--- Supplied data Enclosed Below ---

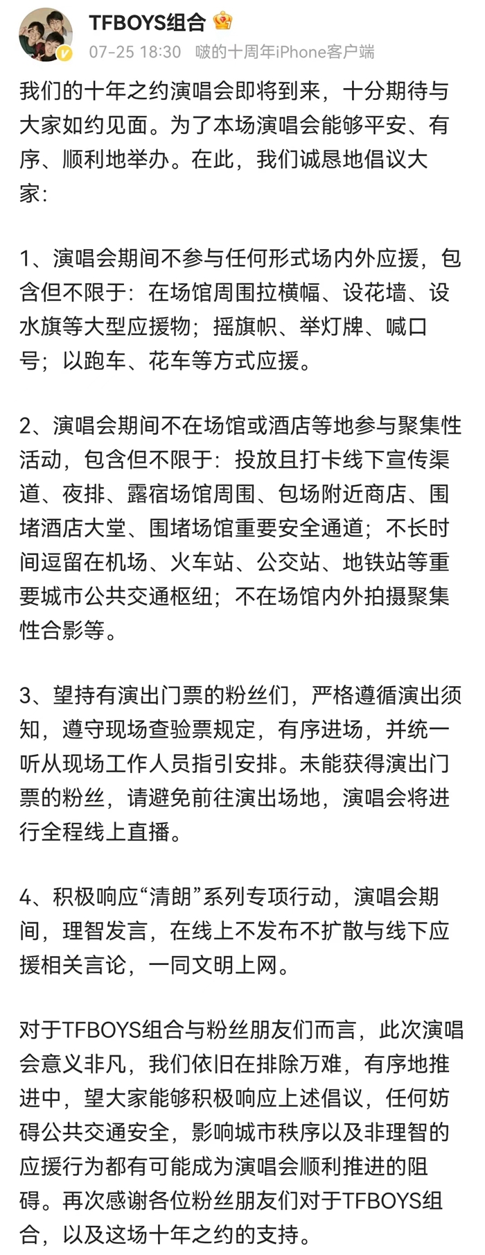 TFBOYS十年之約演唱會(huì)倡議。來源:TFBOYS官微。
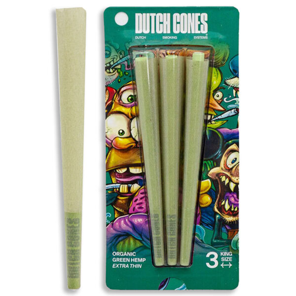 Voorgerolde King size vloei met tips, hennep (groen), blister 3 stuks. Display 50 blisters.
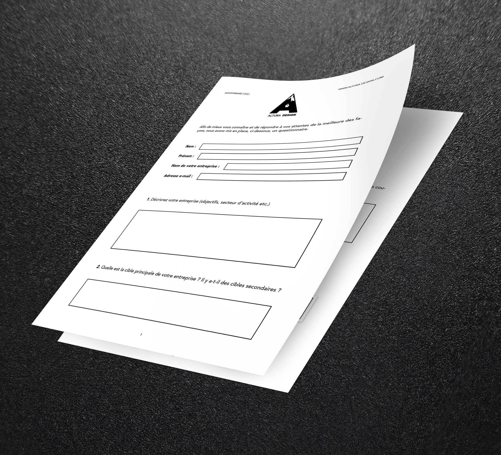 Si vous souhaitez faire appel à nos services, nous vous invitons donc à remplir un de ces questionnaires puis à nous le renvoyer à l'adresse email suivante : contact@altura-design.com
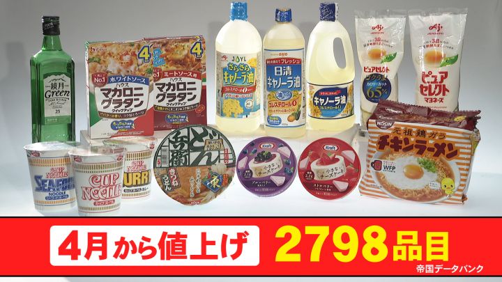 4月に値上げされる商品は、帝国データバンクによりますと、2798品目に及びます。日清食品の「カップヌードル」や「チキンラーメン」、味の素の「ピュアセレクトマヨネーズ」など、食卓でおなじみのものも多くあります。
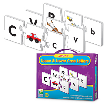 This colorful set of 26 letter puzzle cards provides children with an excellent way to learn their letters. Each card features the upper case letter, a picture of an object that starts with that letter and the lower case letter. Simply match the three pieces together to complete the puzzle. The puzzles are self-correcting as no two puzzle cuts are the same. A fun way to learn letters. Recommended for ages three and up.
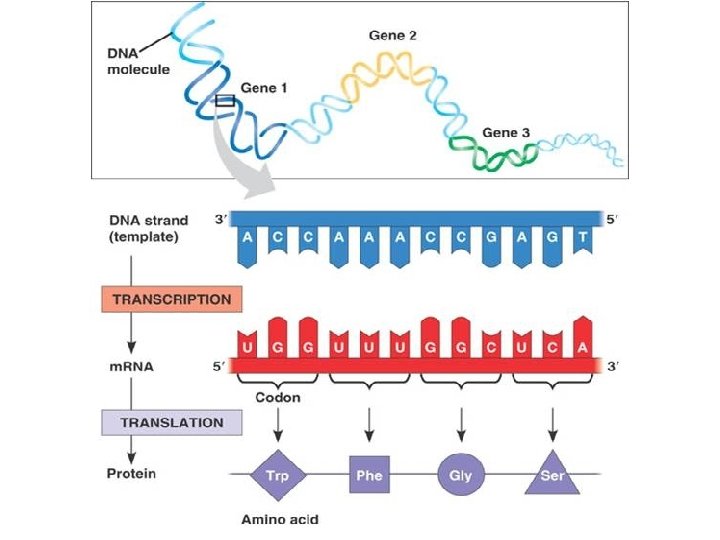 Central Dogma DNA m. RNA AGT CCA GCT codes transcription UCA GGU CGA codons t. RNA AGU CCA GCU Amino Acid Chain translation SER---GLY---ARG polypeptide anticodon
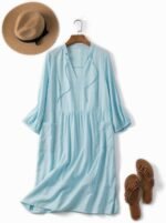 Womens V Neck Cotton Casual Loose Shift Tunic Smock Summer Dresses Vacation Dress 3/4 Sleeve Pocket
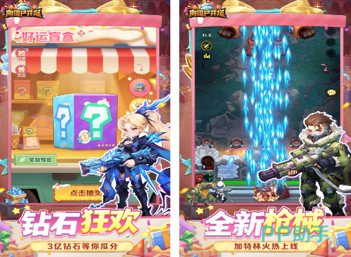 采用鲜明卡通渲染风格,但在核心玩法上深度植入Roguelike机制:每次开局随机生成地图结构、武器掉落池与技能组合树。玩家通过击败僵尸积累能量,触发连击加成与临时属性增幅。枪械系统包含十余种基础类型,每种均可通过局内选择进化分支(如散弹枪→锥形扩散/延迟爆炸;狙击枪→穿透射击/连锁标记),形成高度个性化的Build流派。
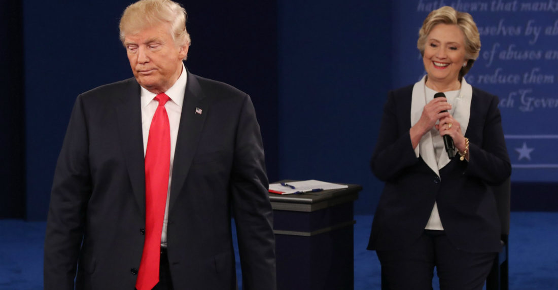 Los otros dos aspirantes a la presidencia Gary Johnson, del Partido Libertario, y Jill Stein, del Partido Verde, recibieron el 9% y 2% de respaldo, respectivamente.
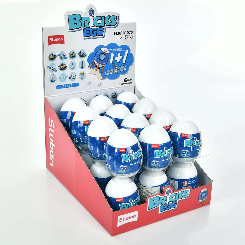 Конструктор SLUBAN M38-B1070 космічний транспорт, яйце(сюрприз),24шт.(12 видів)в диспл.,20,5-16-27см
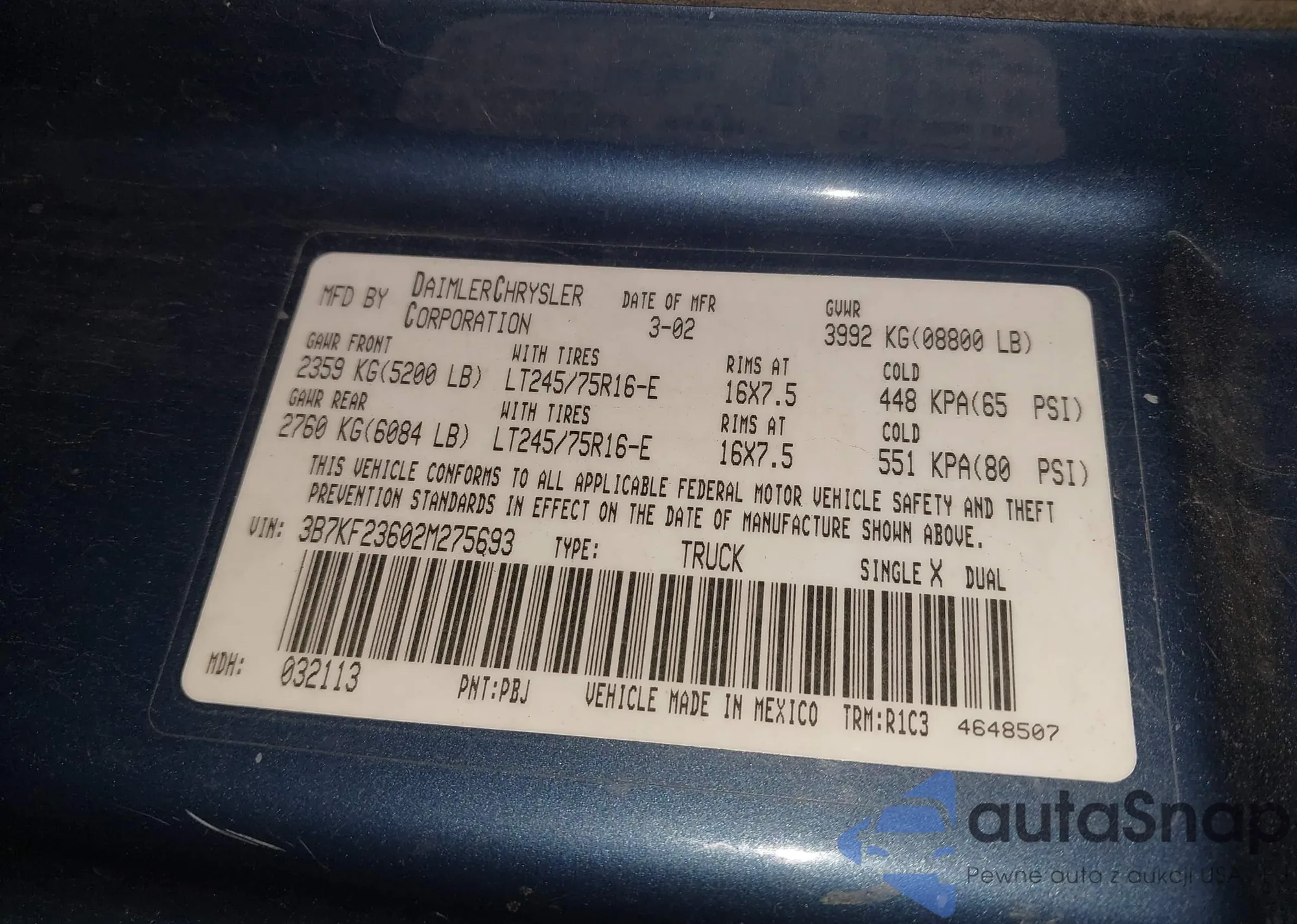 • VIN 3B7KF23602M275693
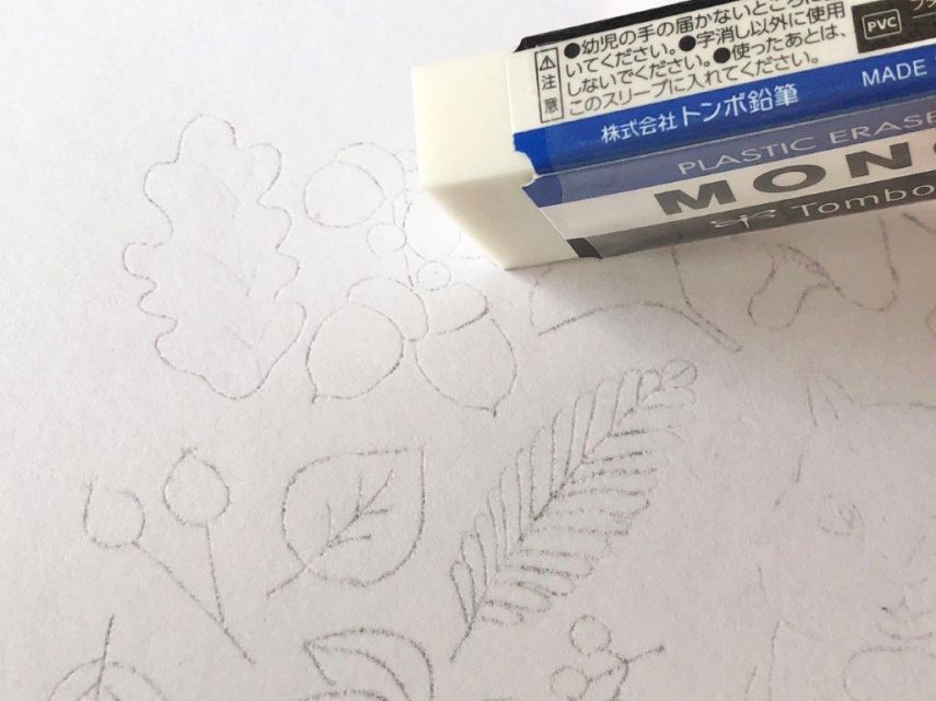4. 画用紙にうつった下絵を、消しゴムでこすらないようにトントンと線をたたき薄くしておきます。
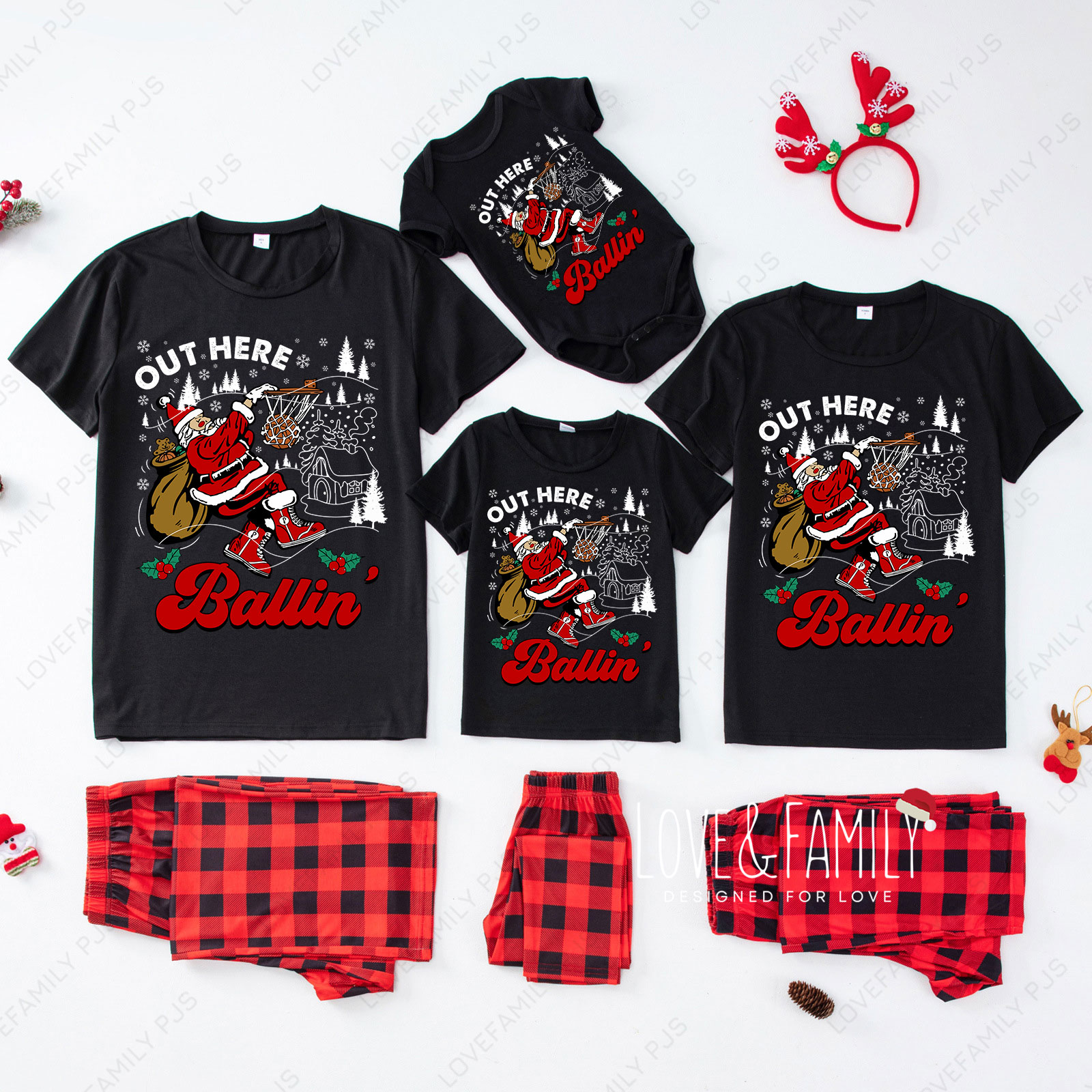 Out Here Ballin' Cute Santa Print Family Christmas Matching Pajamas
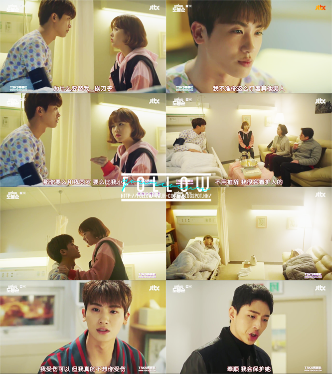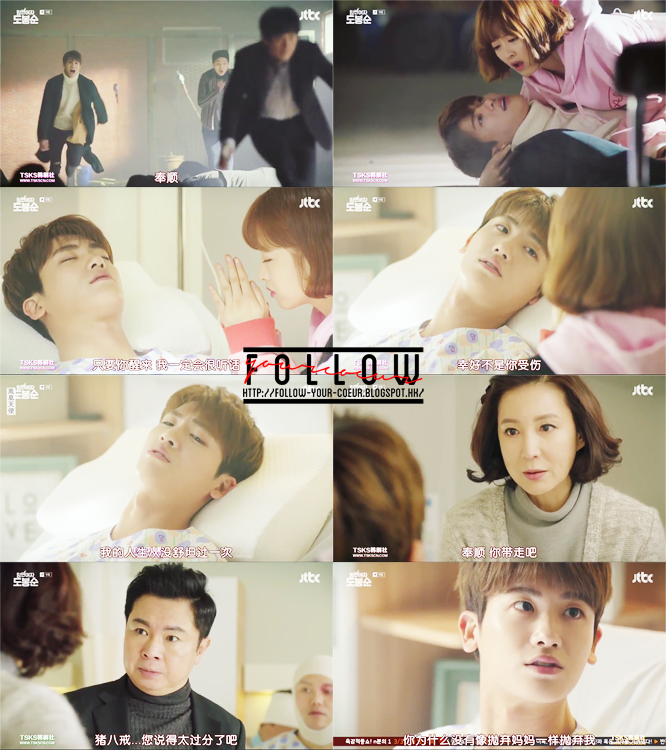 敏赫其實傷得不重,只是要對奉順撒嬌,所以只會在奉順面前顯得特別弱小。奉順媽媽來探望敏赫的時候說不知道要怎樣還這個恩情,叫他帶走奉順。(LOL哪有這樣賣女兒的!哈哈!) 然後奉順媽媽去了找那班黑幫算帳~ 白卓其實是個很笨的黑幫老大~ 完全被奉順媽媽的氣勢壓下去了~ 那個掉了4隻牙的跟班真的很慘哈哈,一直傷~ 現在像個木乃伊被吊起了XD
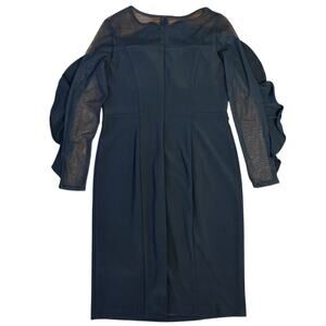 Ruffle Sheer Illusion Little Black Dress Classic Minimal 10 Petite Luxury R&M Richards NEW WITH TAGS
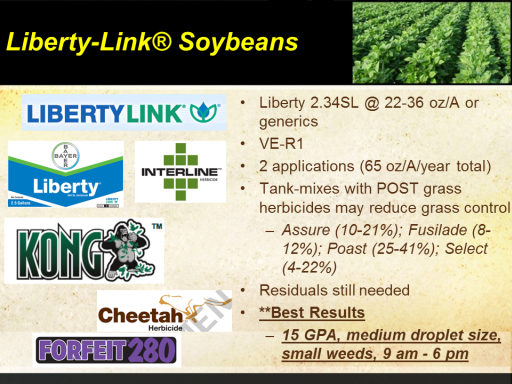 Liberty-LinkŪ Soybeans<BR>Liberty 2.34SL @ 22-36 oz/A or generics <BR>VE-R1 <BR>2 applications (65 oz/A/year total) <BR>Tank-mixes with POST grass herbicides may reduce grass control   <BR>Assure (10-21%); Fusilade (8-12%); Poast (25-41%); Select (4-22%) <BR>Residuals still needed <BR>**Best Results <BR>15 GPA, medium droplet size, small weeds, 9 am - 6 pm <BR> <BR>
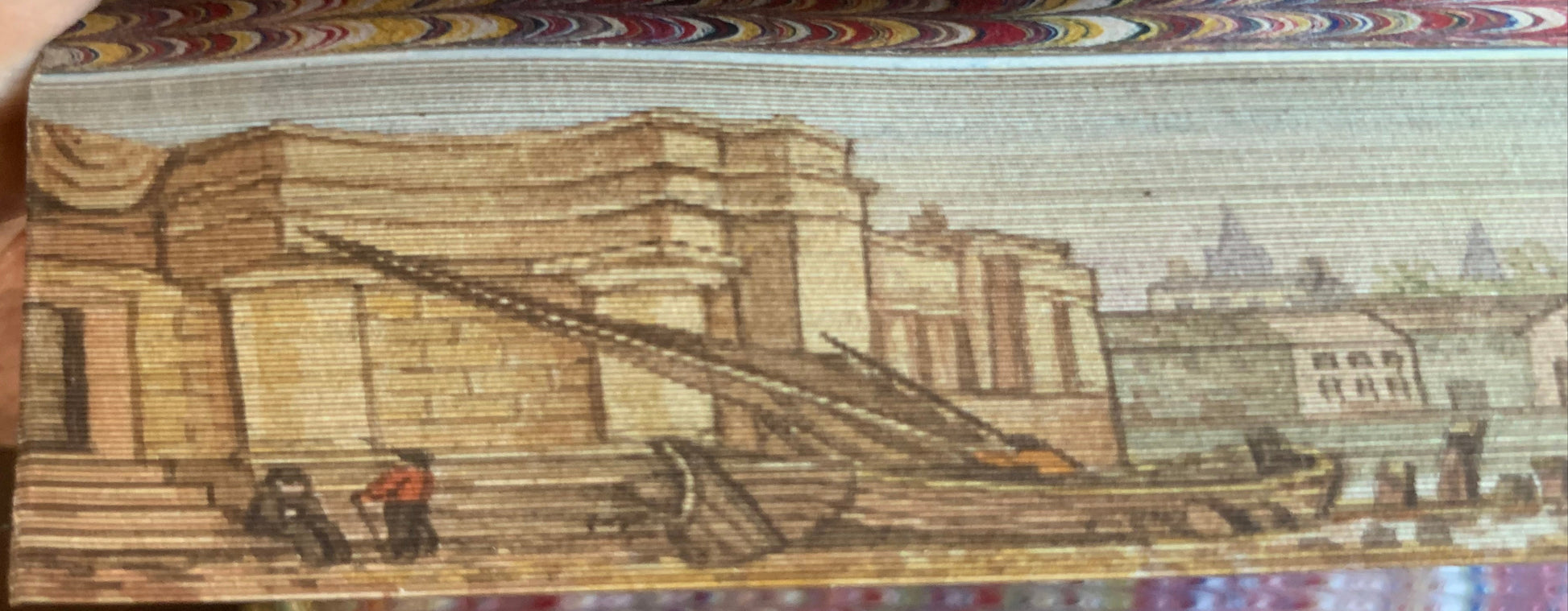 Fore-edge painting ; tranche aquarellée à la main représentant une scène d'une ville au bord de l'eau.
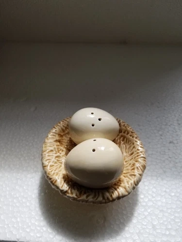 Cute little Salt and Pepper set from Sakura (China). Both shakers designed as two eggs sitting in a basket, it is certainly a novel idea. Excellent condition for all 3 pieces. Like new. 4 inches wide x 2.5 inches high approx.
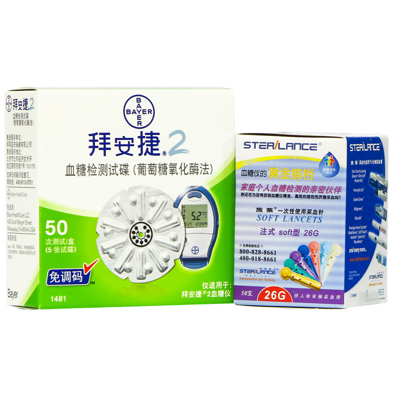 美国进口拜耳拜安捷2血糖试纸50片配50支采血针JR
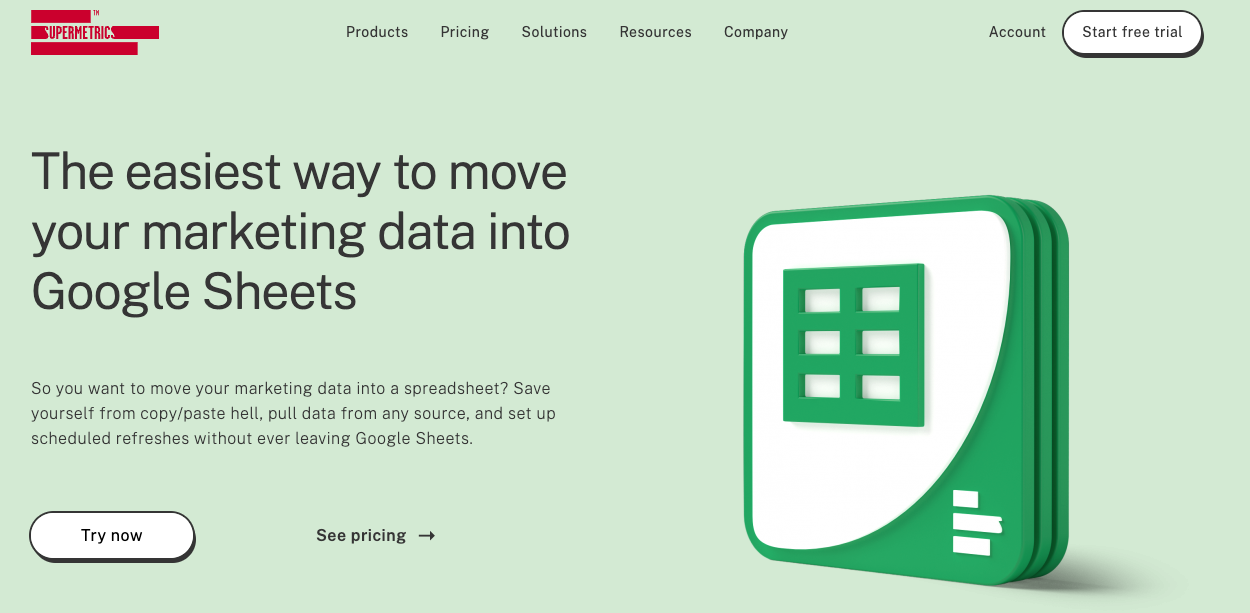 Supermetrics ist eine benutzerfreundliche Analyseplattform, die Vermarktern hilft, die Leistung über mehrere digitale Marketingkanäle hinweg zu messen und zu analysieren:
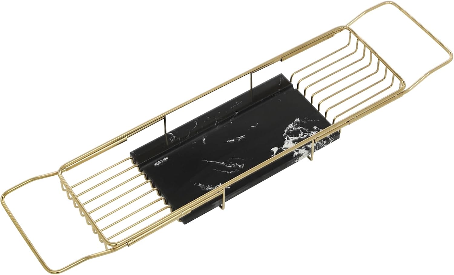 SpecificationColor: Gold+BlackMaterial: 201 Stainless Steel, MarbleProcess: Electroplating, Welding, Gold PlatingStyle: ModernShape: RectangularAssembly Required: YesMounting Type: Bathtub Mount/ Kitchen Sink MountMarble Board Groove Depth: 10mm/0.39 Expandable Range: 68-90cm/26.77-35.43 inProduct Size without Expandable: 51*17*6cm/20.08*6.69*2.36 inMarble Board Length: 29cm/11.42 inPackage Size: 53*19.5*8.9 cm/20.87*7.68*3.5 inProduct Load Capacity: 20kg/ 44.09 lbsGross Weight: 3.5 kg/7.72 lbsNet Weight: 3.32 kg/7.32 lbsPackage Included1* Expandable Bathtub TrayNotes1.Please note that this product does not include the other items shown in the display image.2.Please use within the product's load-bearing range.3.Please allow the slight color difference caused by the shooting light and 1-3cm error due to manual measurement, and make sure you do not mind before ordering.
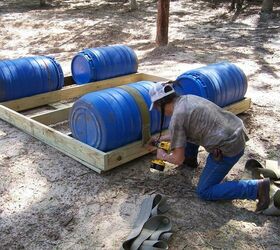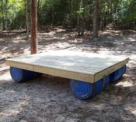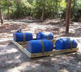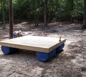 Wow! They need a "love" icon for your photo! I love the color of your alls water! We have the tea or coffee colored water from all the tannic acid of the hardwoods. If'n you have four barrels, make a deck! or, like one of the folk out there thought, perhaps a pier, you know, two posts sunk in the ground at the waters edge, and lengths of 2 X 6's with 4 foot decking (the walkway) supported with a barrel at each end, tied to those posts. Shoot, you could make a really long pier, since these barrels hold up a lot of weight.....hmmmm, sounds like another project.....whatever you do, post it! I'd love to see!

--- End of Enclosed Supplied data ---

* To do
Using the data above, retype exactly and only the lines from the one containing "Los otros dos" up to and including the one containing "美国进口拜耳拜安捷2血糖试纸50片配50支采血针JR", with no pictures carried over.

* Written solution
 Los otros dos aspirantes a la presidencia Gary Johnson, del Partido Libertario, y Jill Stein, del Partido Verde, recibieron el 9% y 2% de respaldo, respectivamente.
 Конструктор SLUBAN M38-B1070 космічний транспорт, яйце(сюрприз),24шт.(12 видів)в диспл.,20,5-16-27см
 • VIN 3B7KF23602M275693
4. 画用紙にうつった下絵を、消しゴムでこすらないようにトントンと線をたたき薄くしておきます。
 Out Here Ballin' Cute Santa Print Family Christmas Matching Pajamas
 敏赫其實傷得不重,只是要對奉順撒嬌,所以只會在奉順面前顯得特別弱小。奉順媽媽來探望敏赫的時候說不知道要怎樣還這個恩情,叫他帶走奉順。(LOL哪有這樣賣女兒的!哈哈!) 然後奉順媽媽去了找那班黑幫算帳~ 白卓其實是個很笨的黑幫老大~ 完全被奉順媽媽的氣勢壓下去了~ 那個掉了4隻牙的跟班真的很慘哈哈,一直傷~ 現在像個木乃伊被吊起了XD
 Ruffle Sheer Illusion Little Black Dress Classic Minimal 10 Petite Luxury R&M Richards NEW WITH TAGS
 Liberty-LinkŪ Soybeans<BR>Liberty 2.34SL @ 22-36 oz/A or generics <BR>VE-R1 <BR>2 applications (65 oz/A/year total) <BR>Tank-mixes with POST grass herbicides may reduce grass control   <BR>Assure (10-21%); Fusilade (8-12%); Poast (25-41%); Select (4-22%) <BR>Residuals still needed <BR>**Best Results <BR>15 GPA, medium droplet size, small weeds, 9 am - 6 pm <BR> <BR>
 Fore-edge painting ; tranche aquarellée à la main représentant une scène d'une ville au bord de l'eau.
 Cute little Salt and Pepper set from Sakura (China). Both shakers designed as two eggs sitting in a basket, it is certainly a novel idea. Excellent condition for all 3 pieces. Like new. 4 inches wide x 2.5 inches high approx.
 美国进口拜耳拜安捷2血糖试纸50片配50支采血针JR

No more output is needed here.